November 1978 Print


Pope Saint Gregory VII


by Donald Fantz

History points out to us the lesson that there are, in the course of ages, a few great men who inspire and lead the majority. One of the most remarkable men of all times, the great Hildebrand, was born in Tuscany, Central Italy, about 1020. He came from poor and humble parents and received his early education from the Santa Maria Monastery, where his mother's brother, Laurentius, was abbot. After taking vows as a Benedictine and receiving minor orders, he was employed as assistant to the arch-priest of the church of San Giovanni, in Rome, the Reverend John Gratian. In 1045 Gratian's godson, who was in his twenties, was placed on the throne of St. Peter by political maneuvering and was known as Benedict IX. He was unfit for this position and eventually abdicated in favor of a desire for marriage. He offered to "sell" the papacy to Gratian, who in good faith paid the sum of money his godson asked. Gratian's justification for this act was that this would rid the Holy See of an incompetent. Gratian then became pope, under the name of Gregory VI. He was received as a legitimate pope by the local population. He was a man of good character and simplicity of soul, but was unable to restore much needed peace to a Church besieged with internal corruption. He named young Hildebrand his chaplain, even though Hildebrand was still in minor orders. Later Gregory VI accepted the decision of the Council of Sutri in 1046 that, although he occupied the Chair of Peter, nevertheless this office was attained by simony and was therefore unworthily bestowed. He voluntarily resigned in favor of his replacement, Pope Clement II. Gratian and Hildbrand retired to Cologne, Germany, where the deposed pope died in 1047. Hildebrand then entered the famous monastery of Cluny, in France, where he lived for a year. While there, he developed a greater sense of contemplation and prayer and received many graces which proved of great value in his later life.

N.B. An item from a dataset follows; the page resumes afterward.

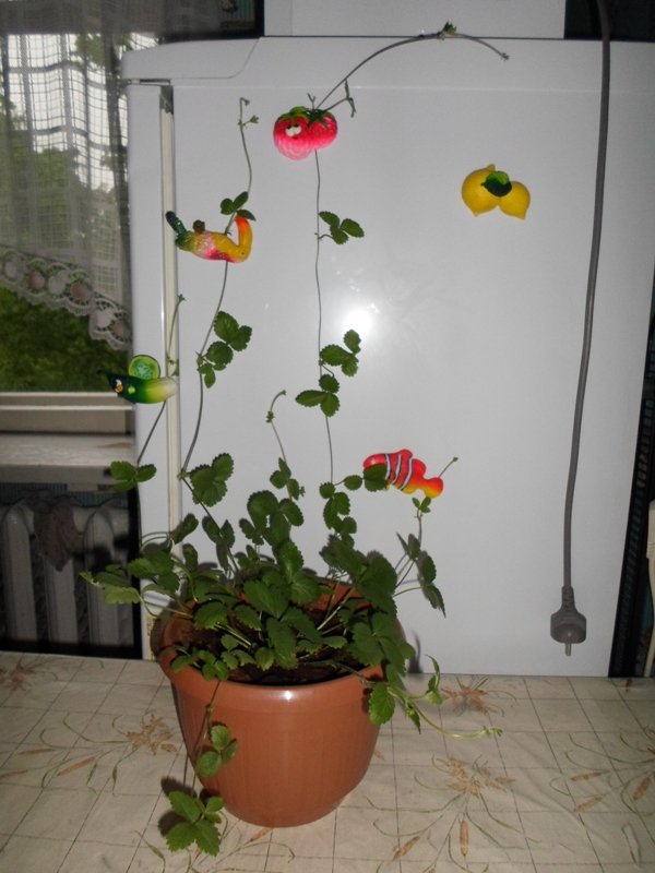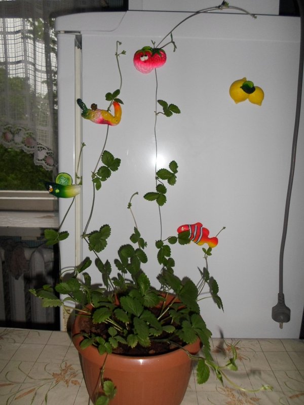 Тока сам не помню где заказывал семена, но думаю если пустить усы на сетку то получится не хуже чем в журналах про вьющеюся клубнику,

It was in France that Hildebrand met the next pope-elect, Leo IX who was impressed with the extraordinary ability the young man had for administration. Leo brought Hildebrand to Rome and made him a cardinal sub-deacon, and placed him in charge of the patrimony of St. Peter. Under his jurisdiction church properties and revenues, which had been under the control of Roman nobility, were recovered and the Holy See's treasury was again increased.

Leo IX also appointed Hildebrand assistant to the abbot of St. Paul's Monastery, in Rome. This religious house was typical of many throughout the Christian world which had fallen into great abuse because of roving bands of terrorists and the lack of monastic discipline. For example, monks were attended in their refectories by women, sacred buildings were fair game for wandering sheep and cattle, religion was gradually discarded and a great many of the clergy were living in adulterous circumstances. Hildebrand succeeded in reforming St. Paul's and he resolved that he would do all in his power to help reform the discipline of the Church to the apostolic ideal.

When Leo IX died, Hildebrand resisted the efforts of those who wished him to become the next pope. In 1055 Victor II assumed the papacy for two years. Then in 1057 Stephen X was elected pope, only to die a few months later. Political schemes were involved in the election of the succeeding pope, Nicholas II, who ruled the Church from 1059 to 1061. Hildebrand remained faithful to the Chair of St. Peter and gave his firm support and encouragement to nine men who occupied this See. It was he who assisted Nicholas II in promulgating the decree of election, by which the power of choosing the pope was vested in the College of Cardinals, thus freeing the papacy from political intervention. When Nicholas died in 1061, there was a period of dissension, as the imperial party wished to place their candidate into the papal office. An anti-pope was named through this process, however, Hildebrand was successful in helping in the selection of the true pope, Alexander II, in accordance with the rules of election outlined by Pope Nicholas II. Pope Alexander II ruled for twelve years and died April 21, 1073. Hildebrand, who had been behind the scenes, administering the Church for twenty years, was the most prominent figure in the Church. He it was who had been chiefly instrumental in the selection of her rulers, who had inspired and given purpose to her policy, and who had been steadily developing and realizing, by successive acts, her sovereignty and purity. At the funeral of Alexander II, the entire congregation of clergy and faithful sent up one cry: "Let Hildebrand be pope—Blessed Peter has chosen Hildebrand the Archdeacon!"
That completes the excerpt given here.